### Task prompt
Return only that part of the material below which starts with the line containing "I have a new" and goes on through the line containing "Perfect for transitional", restated exactly.

### Dataset section

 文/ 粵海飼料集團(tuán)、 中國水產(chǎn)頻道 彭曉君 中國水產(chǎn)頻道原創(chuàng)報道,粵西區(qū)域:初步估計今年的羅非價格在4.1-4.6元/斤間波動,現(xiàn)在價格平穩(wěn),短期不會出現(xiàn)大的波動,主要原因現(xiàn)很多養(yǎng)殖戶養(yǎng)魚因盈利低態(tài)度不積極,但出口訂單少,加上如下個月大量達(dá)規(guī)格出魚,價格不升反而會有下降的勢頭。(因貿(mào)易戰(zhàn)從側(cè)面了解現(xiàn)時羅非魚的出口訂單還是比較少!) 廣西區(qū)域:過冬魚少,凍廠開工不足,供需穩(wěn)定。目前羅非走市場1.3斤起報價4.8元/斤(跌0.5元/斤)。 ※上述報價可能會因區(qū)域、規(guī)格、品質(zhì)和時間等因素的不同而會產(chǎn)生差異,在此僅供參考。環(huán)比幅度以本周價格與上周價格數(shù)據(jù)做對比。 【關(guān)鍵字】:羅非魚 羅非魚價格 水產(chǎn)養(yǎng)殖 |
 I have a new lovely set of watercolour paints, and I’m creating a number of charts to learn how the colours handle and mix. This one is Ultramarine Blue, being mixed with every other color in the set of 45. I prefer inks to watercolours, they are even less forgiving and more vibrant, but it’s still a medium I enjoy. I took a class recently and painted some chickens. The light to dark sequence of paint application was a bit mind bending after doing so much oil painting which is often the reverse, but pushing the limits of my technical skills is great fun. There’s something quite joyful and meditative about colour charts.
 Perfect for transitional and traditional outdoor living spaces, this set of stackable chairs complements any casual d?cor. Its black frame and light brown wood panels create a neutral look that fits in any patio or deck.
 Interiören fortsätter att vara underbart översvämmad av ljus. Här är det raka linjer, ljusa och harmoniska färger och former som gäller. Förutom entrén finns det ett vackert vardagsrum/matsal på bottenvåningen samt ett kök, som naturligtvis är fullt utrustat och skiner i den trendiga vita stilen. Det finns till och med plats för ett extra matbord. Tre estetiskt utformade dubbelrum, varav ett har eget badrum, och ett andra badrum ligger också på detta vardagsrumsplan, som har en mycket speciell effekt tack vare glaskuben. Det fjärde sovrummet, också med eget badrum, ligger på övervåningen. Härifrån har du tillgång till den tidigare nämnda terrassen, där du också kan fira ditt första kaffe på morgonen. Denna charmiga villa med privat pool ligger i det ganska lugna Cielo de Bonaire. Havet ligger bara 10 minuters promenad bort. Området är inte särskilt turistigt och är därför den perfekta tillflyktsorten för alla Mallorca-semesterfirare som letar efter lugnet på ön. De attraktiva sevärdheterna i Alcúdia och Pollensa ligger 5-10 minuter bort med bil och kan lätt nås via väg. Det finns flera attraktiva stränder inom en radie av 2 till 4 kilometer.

### Answer space
 I have a new lovely set of watercolour paints, and I’m creating a number of charts to learn how the colours handle and mix. This one is Ultramarine Blue, being mixed with every other color in the set of 45. I prefer inks to watercolours, they are even less forgiving and more vibrant, but it’s still a medium I enjoy. I took a class recently and painted some chickens. The light to dark sequence of paint application was a bit mind bending after doing so much oil painting which is often the reverse, but pushing the limits of my technical skills is great fun. There’s something quite joyful and meditative about colour charts.
 Perfect for transitional and traditional outdoor living spaces, this set of stackable chairs complements any casual d?cor. Its black frame and light brown wood panels create a neutral look that fits in any patio or deck.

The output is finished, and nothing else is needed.